Exercise directions:
Please copy the lines below, exactly as they are, from the one with "восстановлению не подлежит." through the one with "CV3TGN0000-Green CV3TRB0000-Brown CV3TGR0000-Gray", and leave out the pictures.

Stored records:
----------

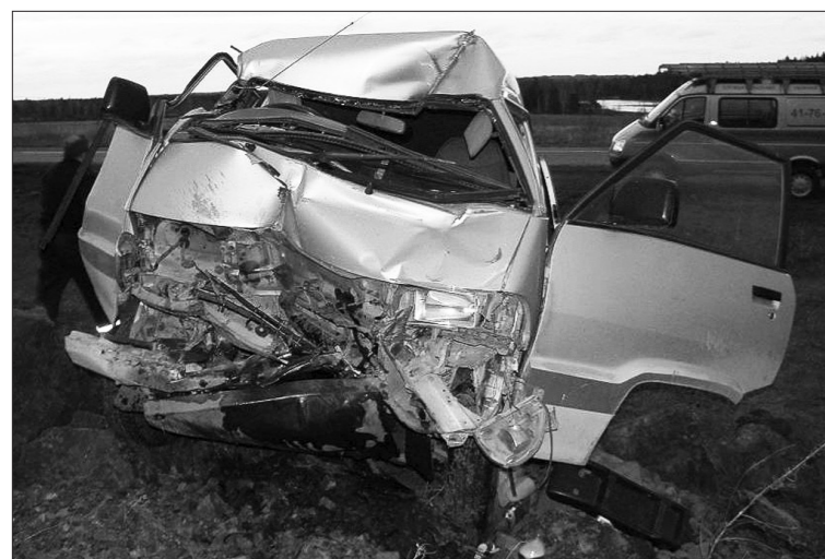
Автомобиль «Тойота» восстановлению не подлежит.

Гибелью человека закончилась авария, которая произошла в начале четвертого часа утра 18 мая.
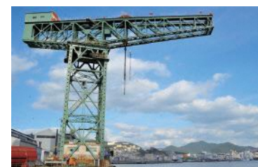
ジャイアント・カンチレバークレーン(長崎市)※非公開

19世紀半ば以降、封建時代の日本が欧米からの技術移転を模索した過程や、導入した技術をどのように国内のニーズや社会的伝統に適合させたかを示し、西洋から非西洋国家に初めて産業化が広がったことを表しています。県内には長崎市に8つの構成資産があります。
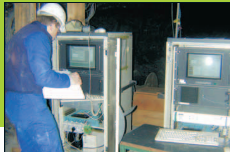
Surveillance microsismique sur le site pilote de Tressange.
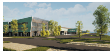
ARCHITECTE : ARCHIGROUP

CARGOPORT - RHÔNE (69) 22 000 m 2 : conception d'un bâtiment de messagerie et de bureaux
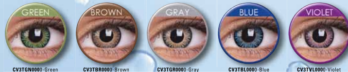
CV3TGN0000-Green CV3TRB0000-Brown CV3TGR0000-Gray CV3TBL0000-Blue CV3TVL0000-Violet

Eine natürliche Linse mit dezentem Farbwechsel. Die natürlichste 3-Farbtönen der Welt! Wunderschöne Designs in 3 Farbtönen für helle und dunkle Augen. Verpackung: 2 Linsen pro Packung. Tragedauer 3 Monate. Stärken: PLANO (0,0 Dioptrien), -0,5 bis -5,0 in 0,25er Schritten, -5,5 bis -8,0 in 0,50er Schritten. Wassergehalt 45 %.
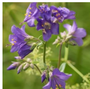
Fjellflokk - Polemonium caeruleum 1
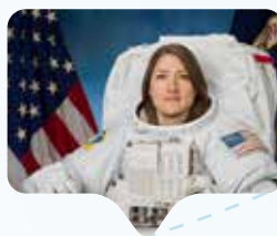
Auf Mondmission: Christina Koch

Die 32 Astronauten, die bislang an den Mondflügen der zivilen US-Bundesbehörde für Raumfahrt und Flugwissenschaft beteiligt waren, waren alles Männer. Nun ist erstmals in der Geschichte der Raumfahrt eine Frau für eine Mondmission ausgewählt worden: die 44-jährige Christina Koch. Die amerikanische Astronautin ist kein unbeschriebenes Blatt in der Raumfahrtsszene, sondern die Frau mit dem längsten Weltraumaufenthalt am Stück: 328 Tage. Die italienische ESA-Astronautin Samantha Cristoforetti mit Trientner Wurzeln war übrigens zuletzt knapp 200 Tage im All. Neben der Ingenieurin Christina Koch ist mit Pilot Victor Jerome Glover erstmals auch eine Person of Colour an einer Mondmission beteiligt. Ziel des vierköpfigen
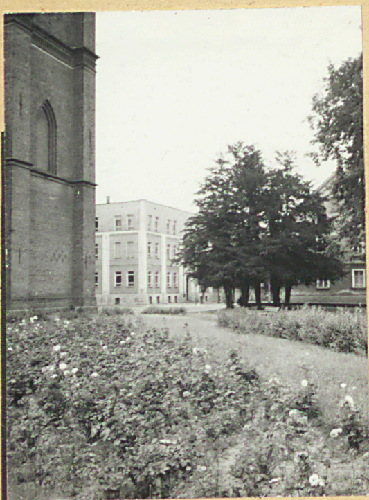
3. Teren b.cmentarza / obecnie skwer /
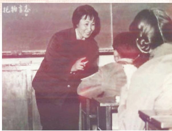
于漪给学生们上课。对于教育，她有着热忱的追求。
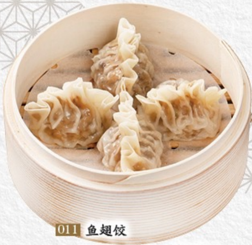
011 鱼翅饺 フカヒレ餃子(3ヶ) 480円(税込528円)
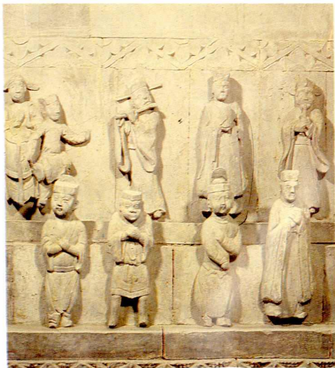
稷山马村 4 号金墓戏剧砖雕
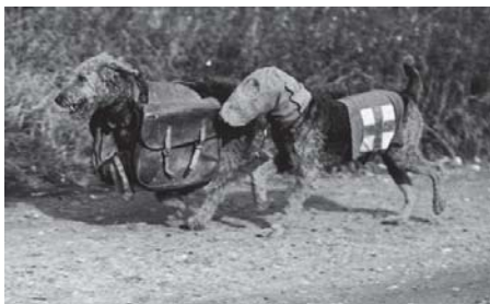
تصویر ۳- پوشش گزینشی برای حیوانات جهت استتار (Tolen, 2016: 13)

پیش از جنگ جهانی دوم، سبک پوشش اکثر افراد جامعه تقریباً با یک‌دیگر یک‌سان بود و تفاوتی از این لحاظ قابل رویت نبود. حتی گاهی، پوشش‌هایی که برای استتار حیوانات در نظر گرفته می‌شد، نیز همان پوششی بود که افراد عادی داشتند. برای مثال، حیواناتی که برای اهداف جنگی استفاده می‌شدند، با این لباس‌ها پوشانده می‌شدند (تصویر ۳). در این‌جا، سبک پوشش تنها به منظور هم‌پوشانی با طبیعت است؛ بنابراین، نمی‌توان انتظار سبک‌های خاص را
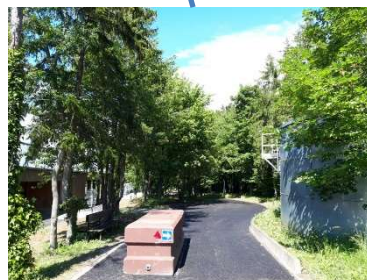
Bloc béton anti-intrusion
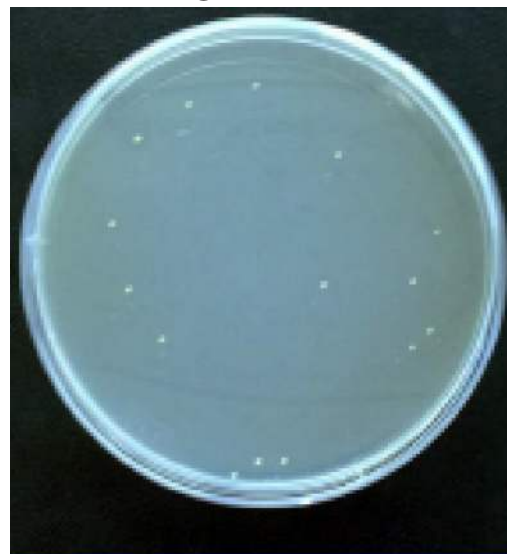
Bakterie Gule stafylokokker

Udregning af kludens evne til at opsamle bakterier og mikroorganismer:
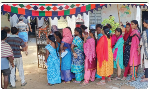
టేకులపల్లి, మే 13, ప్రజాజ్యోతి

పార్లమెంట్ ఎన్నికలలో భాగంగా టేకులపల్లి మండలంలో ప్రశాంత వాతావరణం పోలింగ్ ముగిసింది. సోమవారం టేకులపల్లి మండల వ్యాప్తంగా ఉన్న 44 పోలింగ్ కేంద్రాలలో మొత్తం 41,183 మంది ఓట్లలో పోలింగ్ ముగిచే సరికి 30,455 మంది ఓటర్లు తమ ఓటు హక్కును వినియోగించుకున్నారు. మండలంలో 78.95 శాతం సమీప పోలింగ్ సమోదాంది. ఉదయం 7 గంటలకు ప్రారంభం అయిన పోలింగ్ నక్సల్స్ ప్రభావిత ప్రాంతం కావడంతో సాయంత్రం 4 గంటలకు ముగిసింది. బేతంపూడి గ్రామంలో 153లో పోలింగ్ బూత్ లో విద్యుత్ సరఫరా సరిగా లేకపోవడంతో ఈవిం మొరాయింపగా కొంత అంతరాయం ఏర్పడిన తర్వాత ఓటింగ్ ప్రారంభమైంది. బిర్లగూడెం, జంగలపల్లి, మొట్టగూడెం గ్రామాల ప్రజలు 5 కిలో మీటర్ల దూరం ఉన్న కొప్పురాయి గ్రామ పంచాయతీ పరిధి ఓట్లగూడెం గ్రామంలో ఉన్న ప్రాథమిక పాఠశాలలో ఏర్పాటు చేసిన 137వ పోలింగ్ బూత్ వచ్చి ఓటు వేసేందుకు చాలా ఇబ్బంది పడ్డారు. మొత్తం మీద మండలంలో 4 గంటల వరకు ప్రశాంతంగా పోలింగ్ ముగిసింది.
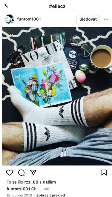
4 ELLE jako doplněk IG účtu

----------

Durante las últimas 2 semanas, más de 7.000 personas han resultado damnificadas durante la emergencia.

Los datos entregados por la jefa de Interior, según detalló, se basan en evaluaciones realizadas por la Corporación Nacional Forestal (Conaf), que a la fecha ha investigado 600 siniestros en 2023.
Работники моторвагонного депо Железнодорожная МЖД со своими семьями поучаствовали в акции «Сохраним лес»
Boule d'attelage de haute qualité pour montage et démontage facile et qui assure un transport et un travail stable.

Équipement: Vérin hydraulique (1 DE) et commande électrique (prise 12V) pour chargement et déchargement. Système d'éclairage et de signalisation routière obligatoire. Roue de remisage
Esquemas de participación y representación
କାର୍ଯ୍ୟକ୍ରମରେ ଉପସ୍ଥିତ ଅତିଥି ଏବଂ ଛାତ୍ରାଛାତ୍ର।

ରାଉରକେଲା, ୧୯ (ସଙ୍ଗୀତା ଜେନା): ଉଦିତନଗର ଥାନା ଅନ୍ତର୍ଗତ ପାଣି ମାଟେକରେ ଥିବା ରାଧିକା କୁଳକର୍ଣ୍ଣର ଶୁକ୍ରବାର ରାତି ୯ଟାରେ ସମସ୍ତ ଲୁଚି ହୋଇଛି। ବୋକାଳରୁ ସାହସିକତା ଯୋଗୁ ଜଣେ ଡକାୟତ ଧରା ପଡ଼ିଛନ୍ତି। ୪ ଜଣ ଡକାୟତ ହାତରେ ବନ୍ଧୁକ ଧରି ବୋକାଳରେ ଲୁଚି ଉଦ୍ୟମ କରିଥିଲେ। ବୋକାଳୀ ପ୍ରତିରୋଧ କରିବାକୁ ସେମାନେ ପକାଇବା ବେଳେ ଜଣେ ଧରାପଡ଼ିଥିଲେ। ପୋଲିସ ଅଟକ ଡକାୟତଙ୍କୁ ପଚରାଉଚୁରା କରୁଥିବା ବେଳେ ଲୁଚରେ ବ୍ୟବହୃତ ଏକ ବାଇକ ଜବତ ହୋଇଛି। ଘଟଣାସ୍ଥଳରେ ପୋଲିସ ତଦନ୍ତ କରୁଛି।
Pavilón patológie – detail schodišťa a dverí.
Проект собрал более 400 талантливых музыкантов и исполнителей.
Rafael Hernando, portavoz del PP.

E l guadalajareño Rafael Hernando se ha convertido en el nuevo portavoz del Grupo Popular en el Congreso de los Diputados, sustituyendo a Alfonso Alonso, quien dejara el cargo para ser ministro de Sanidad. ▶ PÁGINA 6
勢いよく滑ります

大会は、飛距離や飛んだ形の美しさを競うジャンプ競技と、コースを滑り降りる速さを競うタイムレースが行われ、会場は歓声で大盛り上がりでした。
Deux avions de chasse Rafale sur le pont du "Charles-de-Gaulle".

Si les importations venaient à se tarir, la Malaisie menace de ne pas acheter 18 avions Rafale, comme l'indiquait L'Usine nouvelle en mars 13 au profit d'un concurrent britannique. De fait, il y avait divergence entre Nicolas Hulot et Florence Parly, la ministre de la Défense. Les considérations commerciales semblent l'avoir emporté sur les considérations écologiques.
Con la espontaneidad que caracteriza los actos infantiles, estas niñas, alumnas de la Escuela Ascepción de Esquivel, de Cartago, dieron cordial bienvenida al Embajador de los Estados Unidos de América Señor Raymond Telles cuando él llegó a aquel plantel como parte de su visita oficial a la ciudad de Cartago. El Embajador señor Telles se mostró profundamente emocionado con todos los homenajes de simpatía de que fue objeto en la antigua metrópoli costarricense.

----------

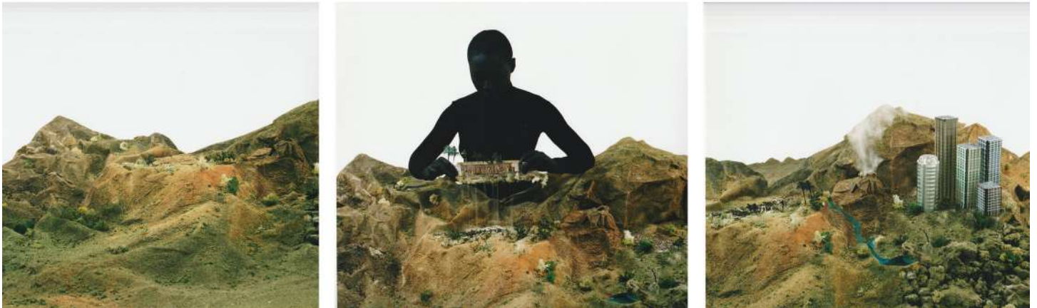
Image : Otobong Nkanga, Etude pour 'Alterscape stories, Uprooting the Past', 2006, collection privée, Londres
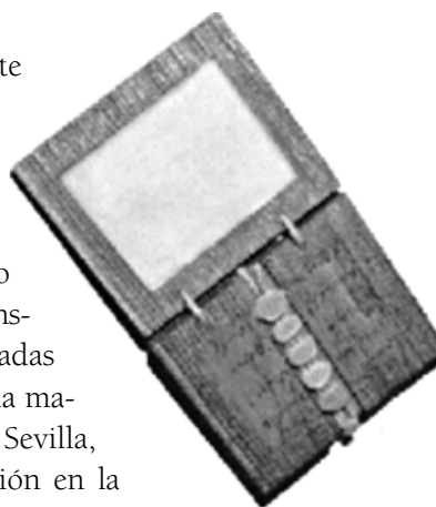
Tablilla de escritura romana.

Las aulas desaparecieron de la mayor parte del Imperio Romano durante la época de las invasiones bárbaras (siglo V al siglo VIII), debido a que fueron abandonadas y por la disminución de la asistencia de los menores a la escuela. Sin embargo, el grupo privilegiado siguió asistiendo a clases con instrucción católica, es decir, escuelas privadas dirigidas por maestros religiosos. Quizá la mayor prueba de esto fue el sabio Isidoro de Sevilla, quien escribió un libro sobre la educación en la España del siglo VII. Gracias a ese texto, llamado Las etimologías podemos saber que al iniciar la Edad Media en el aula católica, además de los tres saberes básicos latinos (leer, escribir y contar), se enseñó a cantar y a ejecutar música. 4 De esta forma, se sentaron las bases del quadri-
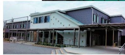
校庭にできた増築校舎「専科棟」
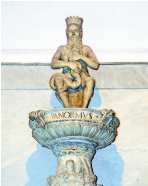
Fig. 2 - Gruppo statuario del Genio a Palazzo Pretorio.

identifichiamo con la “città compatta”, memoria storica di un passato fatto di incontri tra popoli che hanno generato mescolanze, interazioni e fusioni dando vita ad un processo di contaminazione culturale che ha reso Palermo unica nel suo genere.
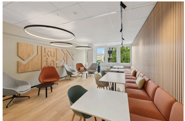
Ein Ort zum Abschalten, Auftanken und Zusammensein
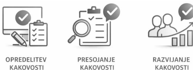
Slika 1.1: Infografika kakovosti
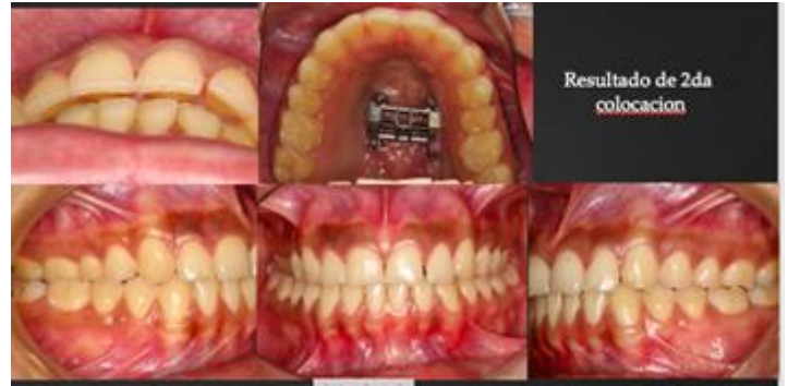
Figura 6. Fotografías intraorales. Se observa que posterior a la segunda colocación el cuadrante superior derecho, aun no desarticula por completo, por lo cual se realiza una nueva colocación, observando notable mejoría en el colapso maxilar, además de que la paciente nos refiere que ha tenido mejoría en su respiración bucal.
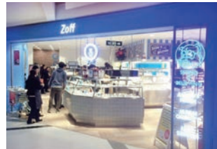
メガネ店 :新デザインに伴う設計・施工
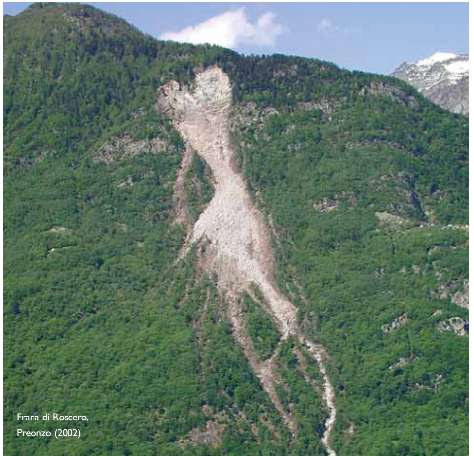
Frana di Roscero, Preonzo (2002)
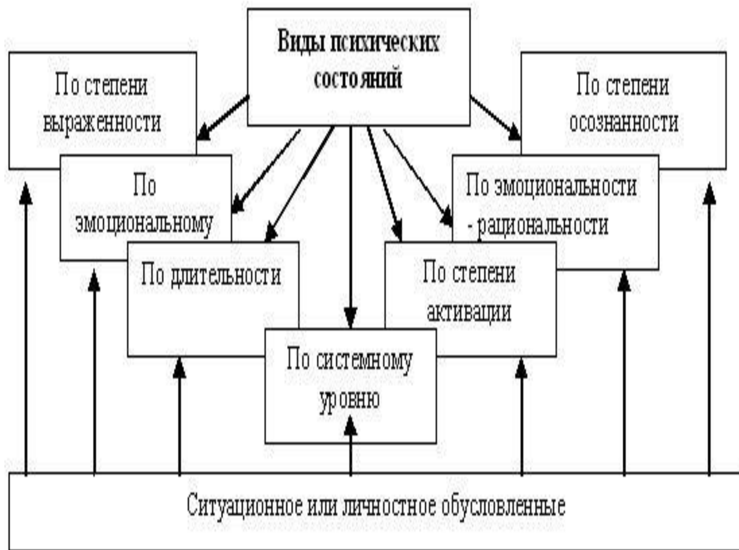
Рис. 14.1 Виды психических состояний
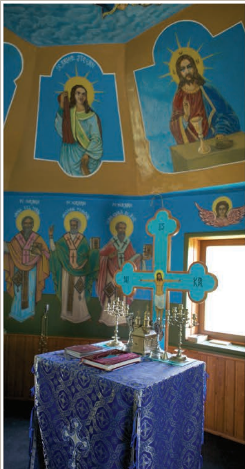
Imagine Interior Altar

----------

Exercise output:
Автомобиль «Тойота» восстановлению не подлежит.

Гибелью человека закончилась авария, которая произошла в начале четвертого часа утра 18 мая.
ジャイアント・カンチレバークレーン(長崎市)※非公開

19世紀半ば以降、封建時代の日本が欧米からの技術移転を模索した過程や、導入した技術をどのように国内のニーズや社会的伝統に適合させたかを示し、西洋から非西洋国家に初めて産業化が広がったことを表しています。県内には長崎市に8つの構成資産があります。
Surveillance microsismique sur le site pilote de Tressange.
ARCHITECTE : ARCHIGROUP

CARGOPORT - RHÔNE (69) 22 000 m 2 : conception d'un bâtiment de messagerie et de bureaux
CV3TGN0000-Green CV3TRB0000-Brown CV3TGR0000-Gray CV3TBL0000-Blue CV3TVL0000-Violet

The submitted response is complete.